Следы чаек на песке, выброшенные прибоем коряги, плавник, пара уток, емким биением крыльев поднимающаяся из-за косы, вздрогнувшее сердце… Мы брели среди длинного заката, потом за поворотом мелькнуло что-то красное, подошли ближе, пробрались кустами — две палатки. А возле палаток раскладной стол, такие же стулья, сидят за столом четверо, пьют чай, сдвинув на край стола пустые сковородки. На шнуре между соснами вялится рыба, лодка-казанка вытащена на берег…
Как же позавидовали мы, проходя мимо, покою, неспешности этих четверых, их одинокому мирному житью здесь. Им купаться, ловить рыбу, а нам завтра с утра опять в путь.
Ночью на острове было так тепло, так нежно ходил между сосен ветерок, что не было никакой возможности спать под телогрейкой, но и скинуть ее нельзя было: комары (сколько их там было, штук пять?) все-таки звенели над ухом. В костер на ночь набросали корней, и дым, который волнами слегка наносило на меня — то нанесет, то отпустит, — возвышенно пах ладаном.
Лежа на спине, по привычке бродя взглядом от созвездия к созвездию, я вдруг как бы укололся о спутник. Он блистал так ярко, как блистает и переливается только Венера в апреле, когда стоишь на тяге, лицом к уже глухому, коричневому закату, слушаешь далекие, слабые, как короткие вздохи, как удары сердца, выстрелы и ждешь появления вальдшнепов.

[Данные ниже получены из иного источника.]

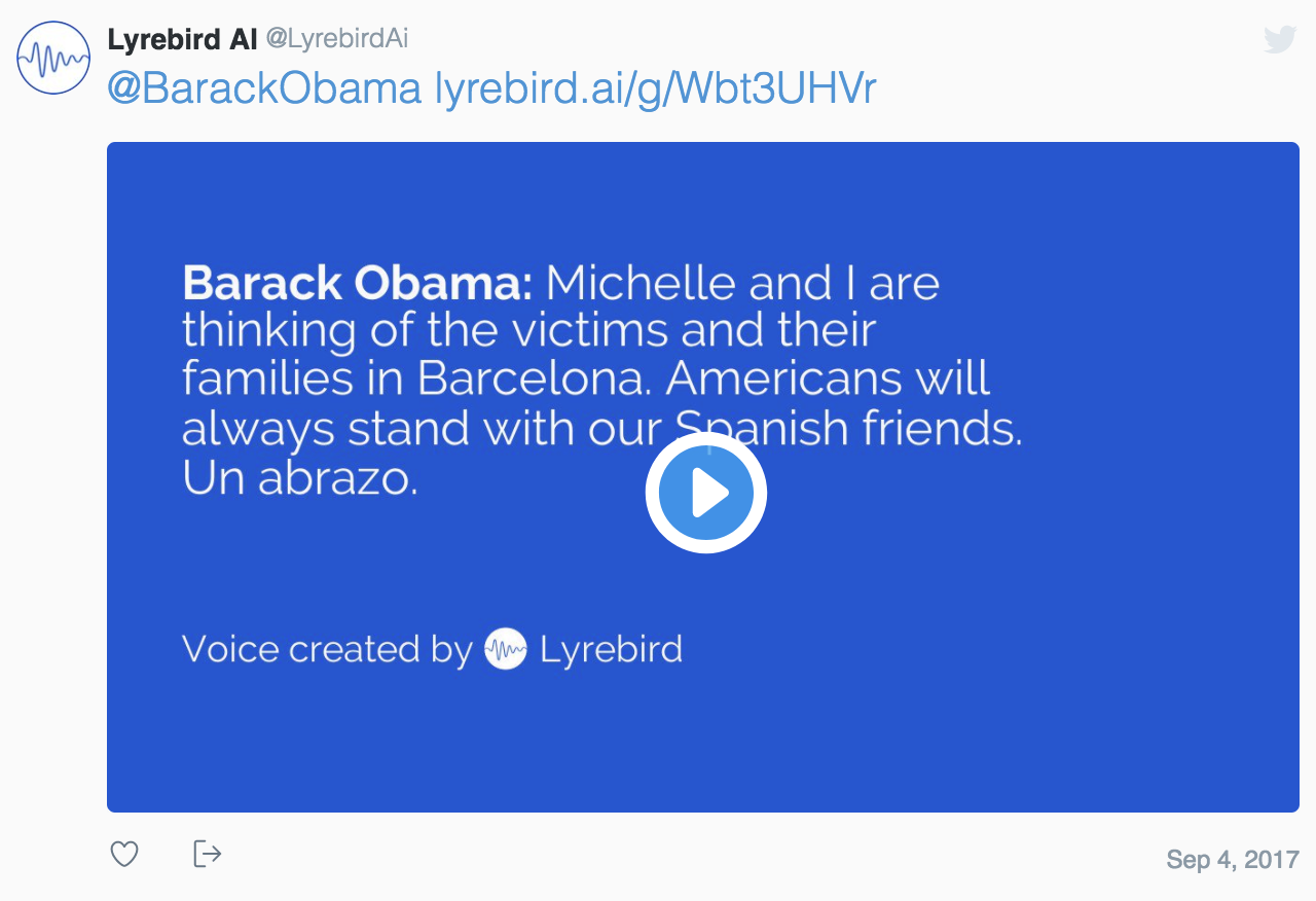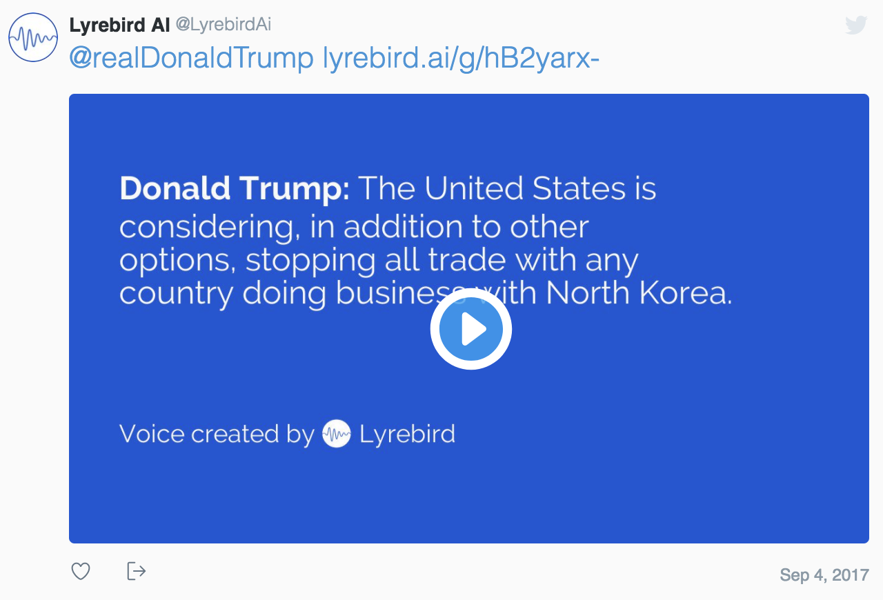Met de komst van de Algemene Verordening Gegevensbescherming (AVG) worden de termen data-privacy en data-ethics steeds vaker gebruikt. Heb jij als data-producent op dit moment nog wel iets te zeggen over jouw privacy? Hierbij denken we vaak aan ‘traditionele’ data, namelijk cijfertjes en getallen. Het recente AI-project van Lyrebird.ai (eerste publieke bèta) zette mij stevig aan het denken over data in de vorm van audio. Lyrebird maakt het mogelijk om binnen enkele minuten een stem te reproduceren op basis van 30 zinnen input. Hieronder het door AI gegenereerde voorbeeld van Donald Trump.

Спутник летел быстро, перечеркивая созвездия, и вечный свет звезд как-то слабел, будто удалялся от его присутствия. За каких-нибудь десять минут он прочертил весь небосклон и погас за горизонтом.
— Нет, нет, — говорил я себе, — что же это такое! Это невозможно, завтра утром бросать все это и уходить. Вот на следующий год… байдарка, неторопливость, пожить недельку там, недельку тут…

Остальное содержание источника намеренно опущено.